- Southmont Location within the state of North Carolina
- Coordinates: 35°39′13″N 80°16′12″W﻿ / ﻿35.65361°N 80.27000°W
- Country: United States
- State: North Carolina
- County: Davidson

Area
- • Total: 6.56 sq mi (17.00 km^{2})
- • Land: 4.56 sq mi (11.81 km^{2})
- • Water: 2.00 sq mi (5.18 km^{2})
- Elevation: 712 ft (217 m)

Population (2020)
- • Total: 1,563
- • Density: 343/sq mi (132.3/km^{2})
- Time zone: UTC-5 (Eastern (EST))
- • Summer (DST): UTC-4 (EDT)
- ZIP code: 27351
- FIPS code: 37-63360
- GNIS feature ID: 2628657

= Southmont, North Carolina =

Southmont is an unincorporated community and census-designated place (CDP) in Davidson County, North Carolina, United States. As of the 2020 census, Southmont had a population of 1,563. It is located along North Carolina State Highway 8 on the northern shores of High Rock Lake. There is an organized effort underway to incorporate the community as "The Village of Southmont".

==Demographics==

Historical population
| Census | Pop. | Note | %± |
| 2020 | 1,563 |  | — |
U.S. Decennial Census

==History==

The community was founded in 1883 as "Fairmont" with the approval of a post office. The postmaster was Samuel S. Peacock from April 19, 1883, until it closed August 30, 1906. It was located in a country store operated by Mr. Hedrick near where the railroad crosses Hwy 8 today. Within 10 years, however, the community had failed to thrive and the store closed, with the post office surrendering its charter.

Just after the turn of the 20th century, another store opened where the previous store stood, and an attempt to reopen the post office was declined by the postmaster general. It seems that another community had claimed the name "Fairmont". The name "Southmont" was chosen instead to receive the approval of a post office with Meriles S. A. Michaels as the postmaster on March 11, 1911. A village grew up around the crossroads of where the new Winston-Salem Southbound Railway rail line had crossed the road to Lexington.

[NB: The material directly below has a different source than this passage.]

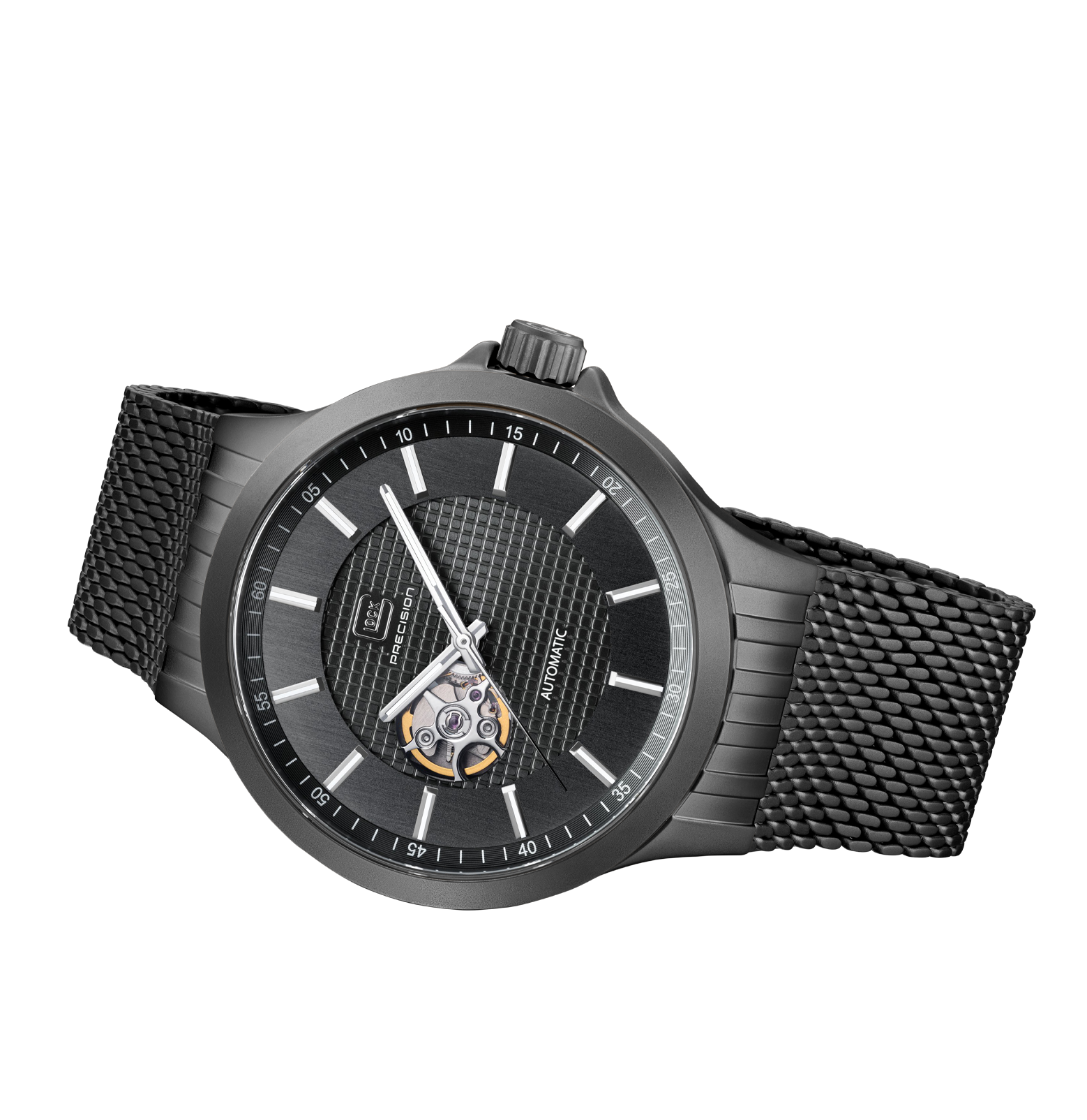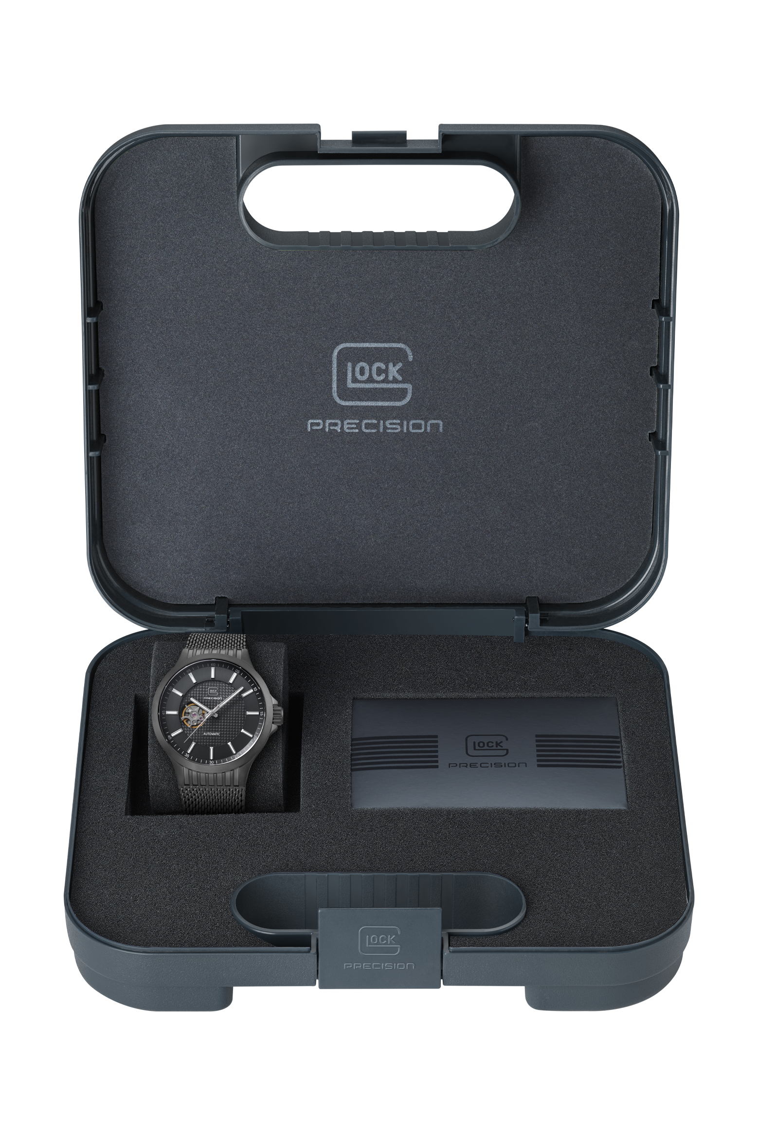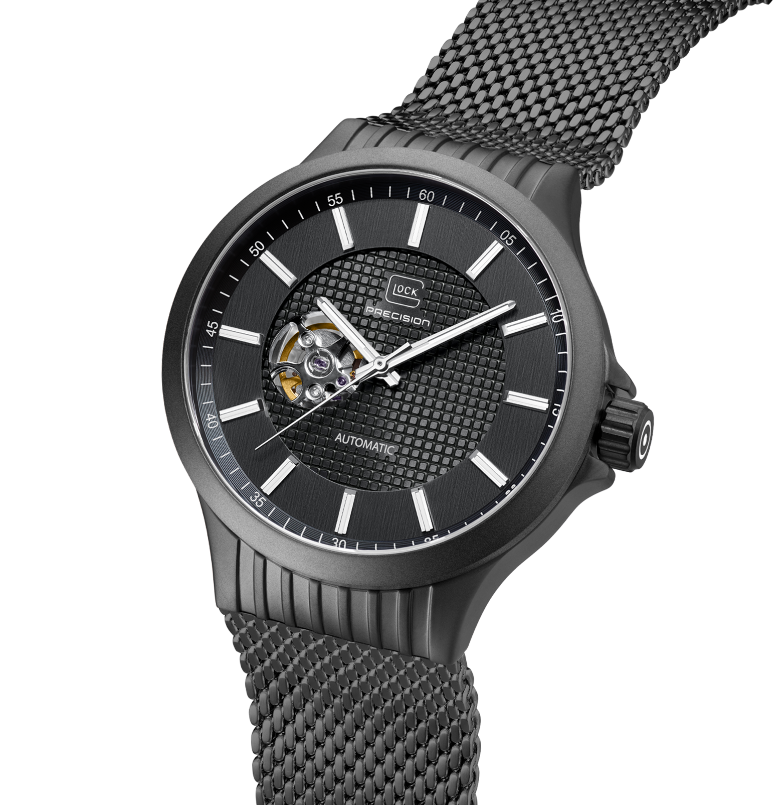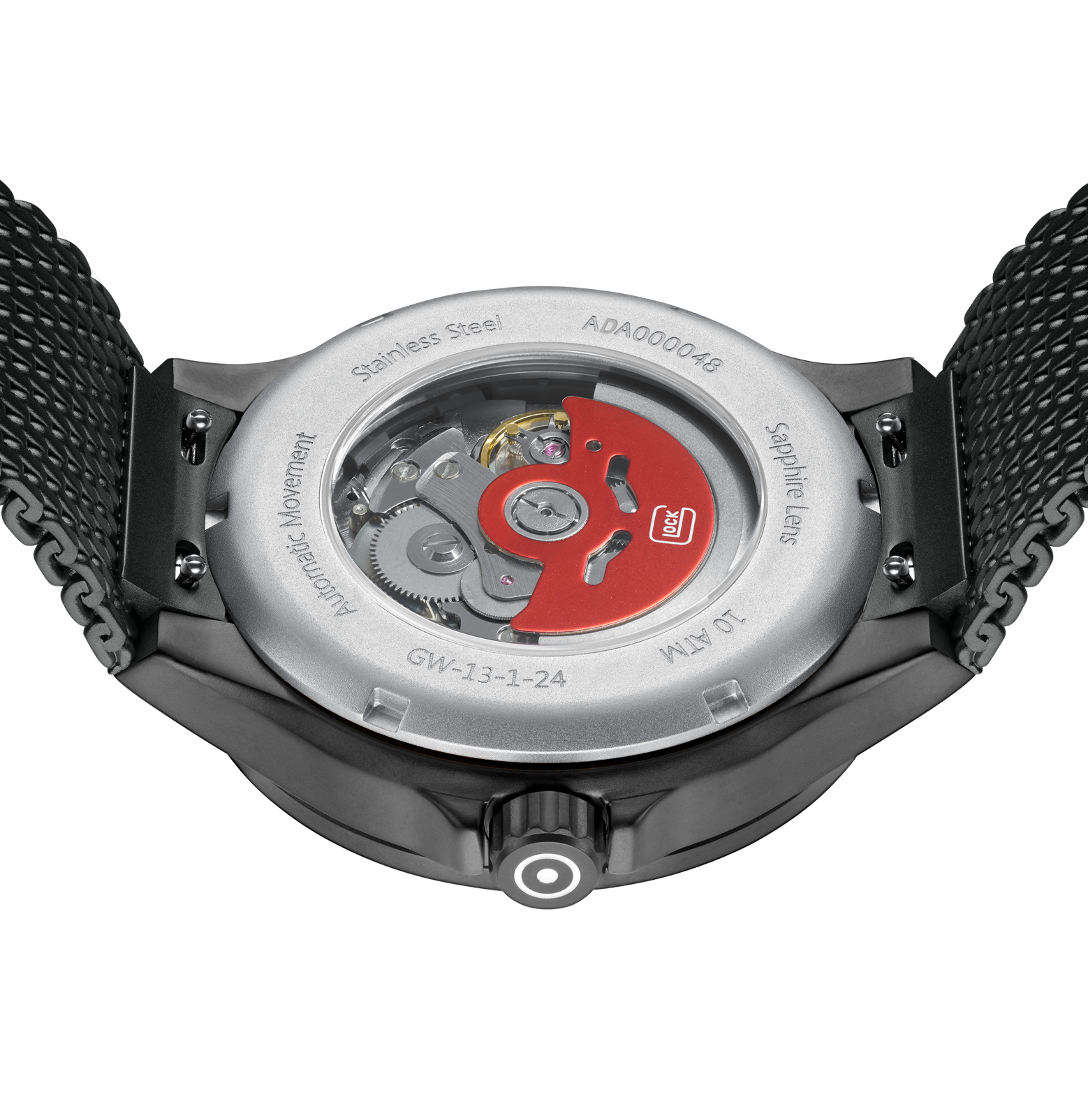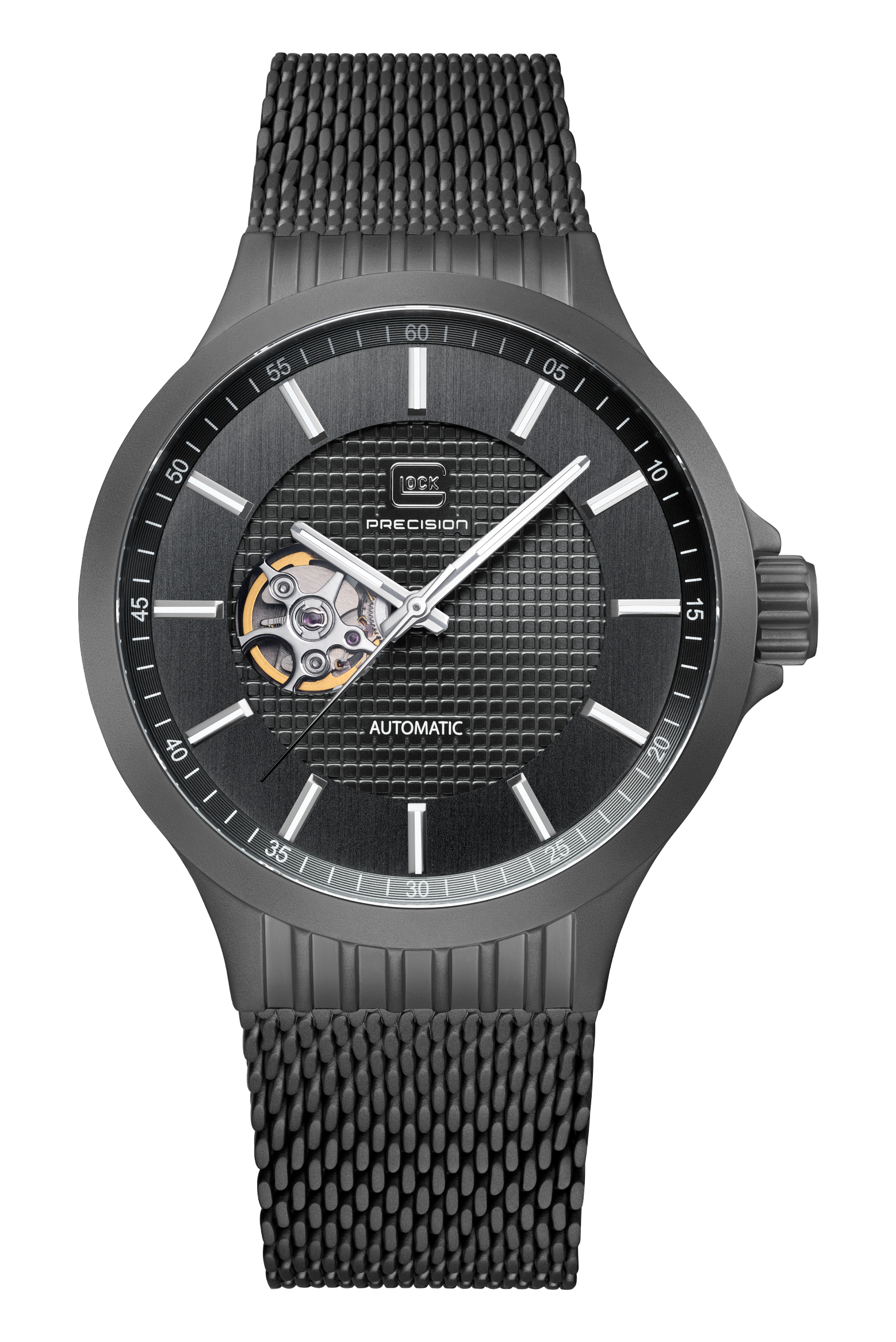 Glock Watches Gender: Men's Case Size (MM): 44 Strap: Mesh Feature(s): Super-LumiNova hands and indices Movement: Automatic Case Color: Black

During the 1920s the town had multiple stores, the county's first consolidated brick school, various churches, the Star Furniture Company, and the Wall Lumber Company. The hotel thrived for a time. Dr. Alvin York set up a practice in town. The Baptist churches of the area included Holloways Baptist Church, Stoners Grove Baptist Church and the First Baptist Church of Southmont. Macedonia Methodist Church was also active by the time the lake was created.

By 1926, with the creation of High Rock Lake, many of the bridges and roads changed or closed, the railroad was elevated, and the route crossing the river changed. Other roads were rerouted as the geography changed. Coupled with the Great Depression, much of the town died, but the school and churches remained. Fires claimed the two industries and the famous eight-gable hotel building, and by the early 1950s with train travel no longer being the favored means of travel, the station closed.

The new Central Davidson High School opened in 1957, with students from the Southmont High School now attending CDHS. The school became grades 1-8 and by the early 1960s people began to build summer cottages at High Rock Lake. 1967 witnessed racial integration of the schools.

By 1972, a temporary middle school was created using an abandoned school at the Junior Order Children's Home, and the 8th grades were consolidated there creating CDJH. During a 1979 bridge repair, Hwy 8 was closed for nearly two years and much of the lake was found to have mercury contamination from a battery plant upstream. Again, businesses closed and the school closed in 1981, consolidated with Linwood near Cotton Grove, known as Southwood. The Southmont Volunteer Fire Department was created in 1958.

Over the past 10 years the community has again seen a resurgence of growth, with multiple small businesses, a new school, new post office, expanded churches, a new fire station, an array of other local civic and community groups, and significant population growth to the lake areas in and around Southmont.